Is there any difference, even if subtle, between a price move and a price movement? Dictionaries are of no help...

  • Apart from looking it up in a dictionary, what other research have you done? Commented Mar 12, 2023 at 14:12
  • Try this site: Ludwig Guru: ludwig.guru/s/price+move
    – Lambie
    Commented Mar 12, 2023 at 15:47
  • You should write a full sentence. Without context users can only make guesses, albeit good ones. You could also say a movement in the price(s) of…
    – Mari-Lou A
    Commented Mar 13, 2023 at 11:35

1 Answer 1


You said a dictionary was of no help. You might be using it incorrectly. Not every noun phrase is in the dictionary - there is no need when you can get the meaning from looking up the component words.

'A movement', used as a countable noun, means pretty much the same as 'a move' - that is a change of position.

But you can also use 'movement' as a non-countable noun to refer to the act or process of moving.
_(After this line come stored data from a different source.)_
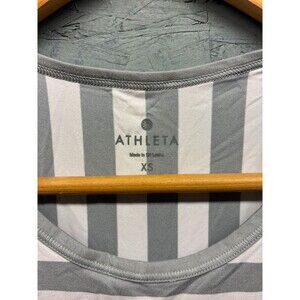 Athleta Striped Tank Top Women’s XS Gray White Sleeveless Stretch Athletic
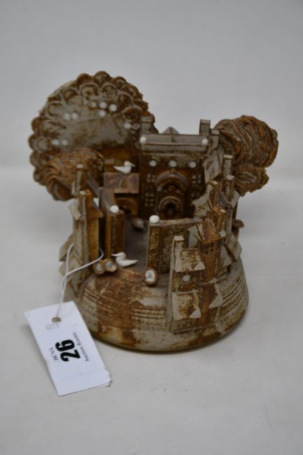 Paul Gandy (England b.1930), studio pottery sculpture depicting a town, circa 1980, decorated with porcelain birds and marked with artist's name underneath.
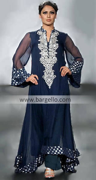 Prussian Blue Bluma Pakistani Designer Dresses Designer Cloths From Pakistan. Pakistani Designer High Fashion Dresses Be the first to review this product Availability: In stock SKU: D2512 Delivery date: 4 - 6 Weeks Size * Size Chart | Custom Measurements Please select Select a Size Extra Small (XS) Small (S) Small 2 (S-2) Medium (M) Medium 2 (M-2) Large (L) [+$30.00] Large 2 (L-2) [+$30.00] Extra Large (XL) [+$30.00] Extra Large 2 (XL-2) [+$30.00] 2XL [+$30.00] 2XL-2 [+$30.00] Custom (Made to Measure) Sleeves * View Sleeve Designs Please select Select Sleeves As shown/described Angel Sleeves Bell Sleeves Bishop Sleeves Butterfly Sleeves [+$15.00] Cap Sleeves Churidar Sleeves Elbow Sleeves Flutter Sleeves Full Sleeves Half Sleeves Laces Sleeves Lantern Sleeves Maggan Sleeves Poet Sleeves Pointed Sleeves Puff Sleeves Raglan Sleeve Roll-up Sleeves Sleeveless Super Mini Tailored Sleeves Three Quarter Trumpet Sleeves Bottom * Please select Select Bottom As shown/described Palazzo Churidar Pajama Slim Pajama Baggy Shalwar Patiala Shalwar [+$30.00] Regular Shalwar Slim Shalwar Slim Trousers Bell Bottom Trousers Cropped Trousers Capri Pants Flappers Trousers Flared Trousers Straight Trousers Select your height * Please select Select your height 4 feet 5 in (135 cm) 4 feet 6 in (137 cm) 4 feet 7 in (139 cm) 4 feet 8 in (142 cm) 4 feet 9 in (144 cm) 4 feet 10 in (147 cm) 4 feet 11 in (149 cm) 5 feet (152 cm) 5 feet 1 in (154 cm) 5 feet 2 in (157 cm) 5 feet 3 in (160 cm) 5 feet 4 in (162.5 cm) 5 feet 5 in (165 cm) 5 feet 6 in (168 cm) 5 feet 7 in (170 cm) 5 feet 8 in (173 cm) 5 feet 9 in (175 cm) 5 feet 10 in (178 cm) 5 feet 11 in (180 cm) 6 feet (183 cm) 6 feet 1 in (185 cm) 6 feet 2 in (188 cm) 6 feet 3 in (190.5 cm) 6 feet 4 in (193 cm) 6 feet 5 in (195 cm) 6 feet 6 in (198 cm) 6 feet 7 in (200 cm) 6 feet 8 in (203 cm) 6 feet 9 in (206 cm) 6 feet 10 in (208 cm) 6 feet 11 in (211 cm) 7 feet (213 cm) $349.95 Qty: Add to cart Ship to Select country United States Afghanistan Albania Algeria American Samoa Andorra Angola Anguilla Antarctica Antigua and Barbuda Argentina Armenia Aruba Australia Austria Azerbaijan Bahamas Bahrain Bangladesh Barbados Belarus Belgium Belize Benin Bermuda Bhutan Bolivia Bosnia and Herzegowina Botswana Bouvet Island Brazil British Indian Ocean Territory Brunei Darussalam Bulgaria Burkina Faso Burundi Cambodia Cameroon Canada Cape Verde Cayman Islands Central African Republic Chad Chile China Christmas Island Cocos (Keeling) Islands Colombia Comoros Congo Congo (Democratic Republic of the) Cook Islands Costa Rica Cote D'Ivoire Croatia Cuba Cyprus Czech Republic Denmark Djibouti Dominica Dominican Republic East Timor Ecuador Egypt El Salvador Equatorial Guinea Eritrea Estonia Eswatini Ethiopia Falkland Islands (Malvinas) Faroe Islands Fiji Finland France French Guiana French Polynesia French Southern Territories Gabon Gambia Georgia Germany Ghana Gibraltar Greece Greenland Grenada Guadeloupe Guam Guatemala Guinea Guinea-bissau Guyana Haiti Heard and Mc Donald Islands Honduras Hong Kong Hungary Iceland India Indonesia Iran (Islamic Republic of) Iraq Ireland Italy Jamaica Japan Jordan Kazakhstan Kenya Kiribati Korea Korea, Democratic People's Republic of Kosovo Kuwait Kyrgyzstan Lao People's Democratic Republic Latvia Lebanon Lesotho Liberia Libyan Arab Jamahiriya Liechtenstein Lithuania Luxembourg Macau Macedonia Madagascar Malawi Malaysia Maldives Mali Malta Marshall Islands Martinique Mauritania Mauritius Mayotte Mexico Micronesia Moldova Monaco Mongolia Montenegro Montserrat Morocco Mozambique Myanmar Namibia Nauru Nepal Netherlands New Caledonia New Zealand Nicaragua Niger Nigeria Niue Norfolk Island Northern Mariana Islands Norway Oman Pakistan Palau Palestine Panama Papua New Guinea Paraguay Peru Philippines Pitcairn Poland Portugal Puerto Rico Qatar Reunion Romania Russian Federation Rwanda Saint Kitts and Nevis Saint Lucia Saint Vincent and the Grenadines Samoa San Marino Sao Tome and Principe Saudi Arabia Senegal Serbia Seychelles Sierra Leone Singapore Sint Maarten Slovakia (Slovak Republic) Slovenia Solomon Islands Somalia South Africa South Georgia & South Sandwich Islands South Sudan Spain Sri Lanka St. Helena St. Pierre and Miquelon Sudan Suriname Svalbard and Jan Mayen Islands Sweden Switzerland Syrian Arab Republic Taiwan Tajikistan Tanzania Thailand Togo Tokelau Tonga Trinidad and Tobago Tunisia Turkey Turkmenistan Turks and Caicos Islands Tuvalu Uganda Ukraine United Arab Emirates United Kingdom United States minor outlying islands Uruguay Uzbekistan Vanuatu Vatican City State (Holy See) Venezuela Viet Nam Virgin Islands (British) Virgin Islands (U.S.) Wallis and Futuna Islands Western Sahara Yemen Zambia Zimbabwe * Other * Shipping Method Name Estimated Delivery Price No shipping options Apply Custom wishlist OK Add to wishlist Add to compare list Email a friend Show your whimsical charm and keep your wardrobe in top fashion with this amazing anarkali outfit. Top: Color: Prussian blue Fabric: Crinkle chiffon Shirt having electrifying embellishments on neckline Sleeve cuffs, hemline Neckline is fashioned with matching banarasi applique Stand collar neckline style Angel sleeves Hemline dips at side seams Bottom: Color: Prussian blue Fabric: Raw silk Plain straight trousers having elasticated at waist Dupatta/Veil: Color: Prussian blue Fabric: Crinkle chiffon Dupatta with extensive sequins embellishments Edges finished Embellishment work: includes Sequins, beads, dabka, swarovski crystals. 100% handmade embellishments. 100% pure highest quality imported fabric. Product tags india lehenga, indian wedding lenghas, indian wedding lehenga, asian bridal dress, asian bridal lenghas, asian bridal lehngas, asian bridal lehnga, bridal dresses pakistan, bridal outfit pakistani, bridal sharara, sharara collection (10)

It can refer to movement in general rather than a specific movement.

Therefore 'a price move' would be a specific change in the price of something, but 'price movement' would mean changes in price in general, or the concept of prices changing.

  • @marieclarm They could be... but I wouldn't use an article with 'price movement' unless it was just one specific move such as all the stock moved once in one direction.